I have to been dieting and exercising more this year. I went off all sugar for two months now and have lost 20 lbs. I really , really miss the Mountain Dew!!!! I have found these at Wal-Mart to help curve the craving. I Crave the burn more than the Caffeine . These are made with Splenda. They claim these have no Cal / carbs. So far so good.


----------



## Bax*

Gary,

Crystal Light really filled the gap for me when I quit soda. It’s sweet enough to fill in. 
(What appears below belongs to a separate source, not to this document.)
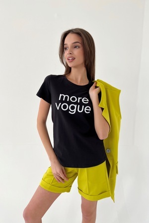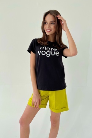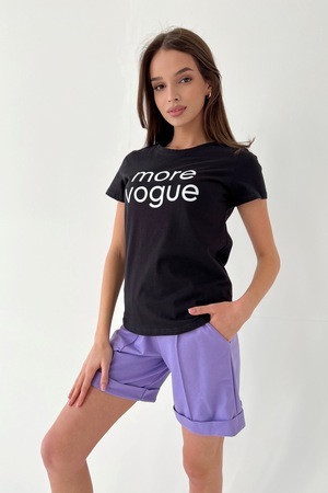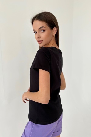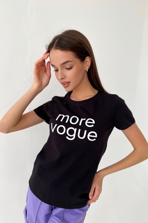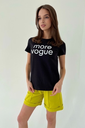 Футболка прямого силуэта, с округлой горловиной, длиной до середины бедра. Рукав втачной, короткий. Горловина обработана обтачкой из основного полотна.
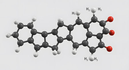 A detailed 3D model of a complex organic molecule, showcasing its intricate structure.

But when I really had to have a soda, I drank a Coke Zero.


----------



## Airborne

Funny this thread came up

Since the Chukar hunt ended I have gained some weight and was sitting at 223 pounds which is my heaviest all time weight. I've been lifting weights 4-5 times a week for many years and have good muscle mass but the fat belly pounds seem to come back post hunting season because I eat like a pig. 

Starting late April, I decided to try the Keto diet as I have friends that have had great success with it. I've lost 12 pounds so far and will continue the diet for the rest of the month of May--Maybe even longer. It's really easy to stay on and I like it because I love eating protein and fat. I have never had a soda addiction but I do enjoy a fine craft brew and that has added to the struggle so I am giving up alcohol for the month as well. 

As an alternative drink I have found sparkling water to be excellent if anyone is looking for something new to try. I like the Perrier brand.

My goal for the end of the month will be to hit 200 lbs. When I got out of the Army 15 years ago I weighed 195 lbs. It would be really coll to get back down to my fighting weight for the summer months and keep the weight off.

Some tips that help me for those looking at the Keto diet-> try to eat 2 meals a day, try to go at least 16 hours between your meals. I skip breakfast, eat at noon and again at 6pm and that's it. I don't have hunger pains being on Keto. Intermittent fasting helps get into ketosis where your body burns fat. My meals are big and delicious, pork rinds are your friend if you need a snack or a replacement for tortilla chips. This is the first diet I have ever done and I am really liking it.

Good luck out there and thanks for the info colorcountry regarding the guy who takes down your specs--I should go check that out.


----------



## colorcountrygunner

Dang, I didn't realize this thread had taken off so much. It's crazy to see how many of you guys are talking about doing keto. I'm actually doing keto myself, but I don't think I mentioned it in the OP. I'm currently sitting right at 201 pounds. When I get down to 199 that will be my first time in the one hundos since I was fighting fires for the forest service back in 2011. My blood pressure is currently at 111/78 which is the lowest it has ever been. Even as a teenager I always above the 120/80 mark. This keto diet really is good for you and is long-term sustainable. I don't care what the critics say. 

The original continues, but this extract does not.